I do agree with your point about:"Thus, we should be able to learn much more complex nonlinear functions by combining data from many neurons and learning a common feature space from which we can linearly predict the activity of each neuron."
The approaches of McIntosh et al. and Batty et al.  seem to be the most similar to yours. What were the practical and theoretical reasons for not comparing to them in your experiments?

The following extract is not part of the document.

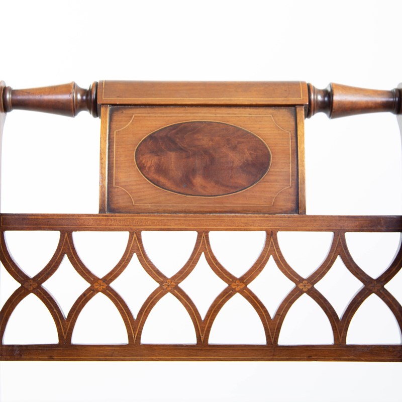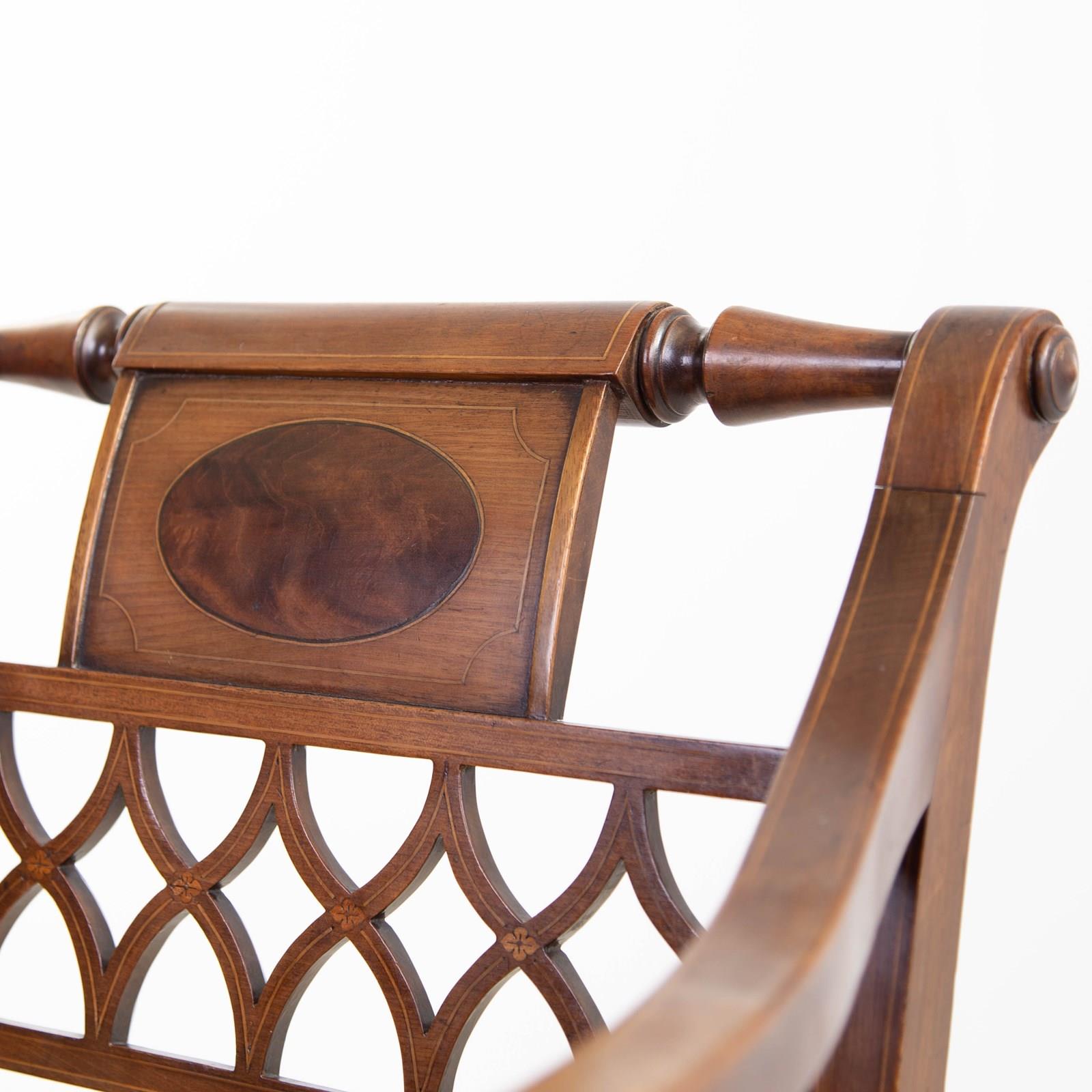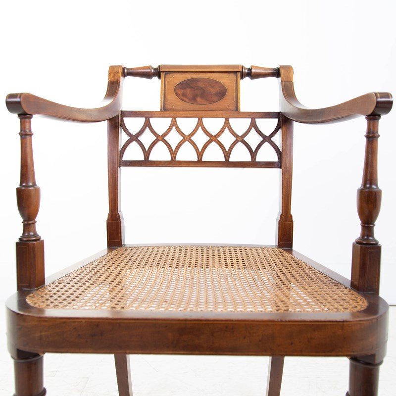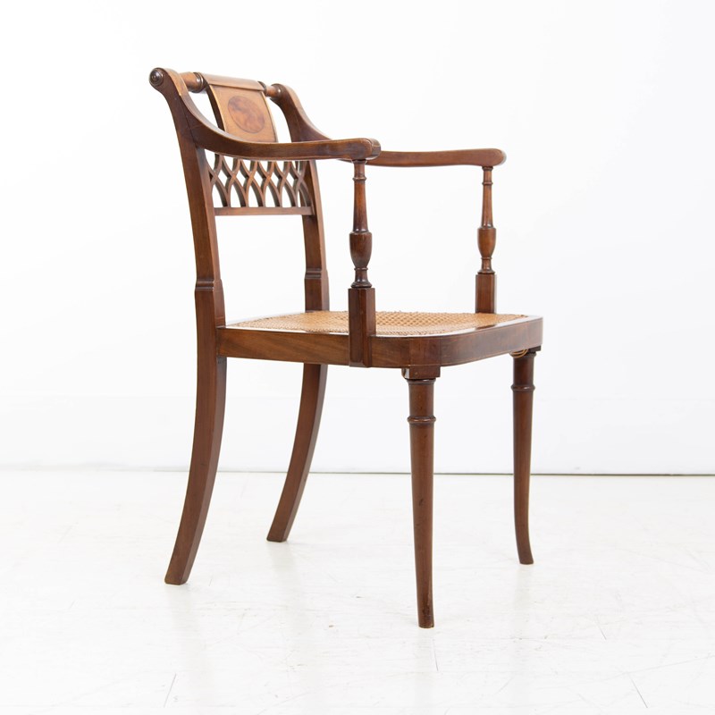 A particularly handsome Sheraton Revival occasional armchair with cane seat. It's a handsome chair with well shaped slender legs, a shield style back and fine satinwood inlay to the arms.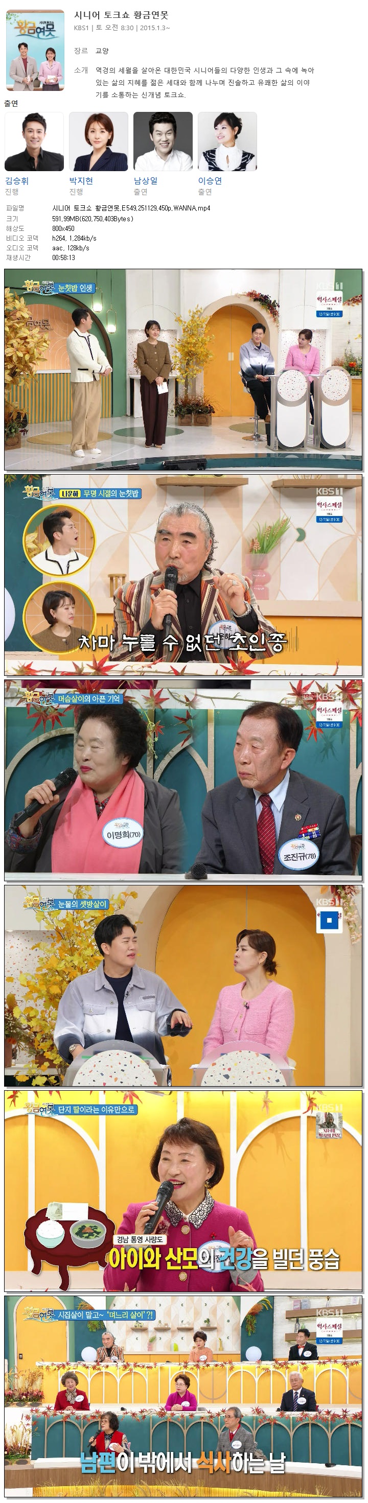 | [KBS1] 시니어 토크쇼 황금연못.E549.251129.450p.WANNA[김승휘, 박지현].mp4 | 592 M | 00:58:13 | 800x450 |

3 Learning a common feature space
This section describes a well-known insight from transfer learning in ML. Maybe establishing a link here is useful as you use a ML technique for a neuroscience application.
5 Learning non-linear feature spaces
Is this comparison to GLMs fair? Your proposed architecture seems to share a lot of properties with the ground truth (such as convolutional layers).
5.2 Application to data from primary visual cortex
It seems you needed to make a few modifications to your architecture. Can you respond to a possible çritique that says your approach only works better because you have more degrees of freedom to adjust hyperparameters to a given task? Without these adjustments, were you still able to improve over previous state of the art?
The paper is well written and my initial impression is that this is a good contribution. The intuition to combining data from many neurons and learning a common feature space is intuitive and appears straightforward. I can't fully judge if this is novel or incremental, compared to the works of McIntosh et al. and Batty et al. and I have some open questions with regards to the experiments.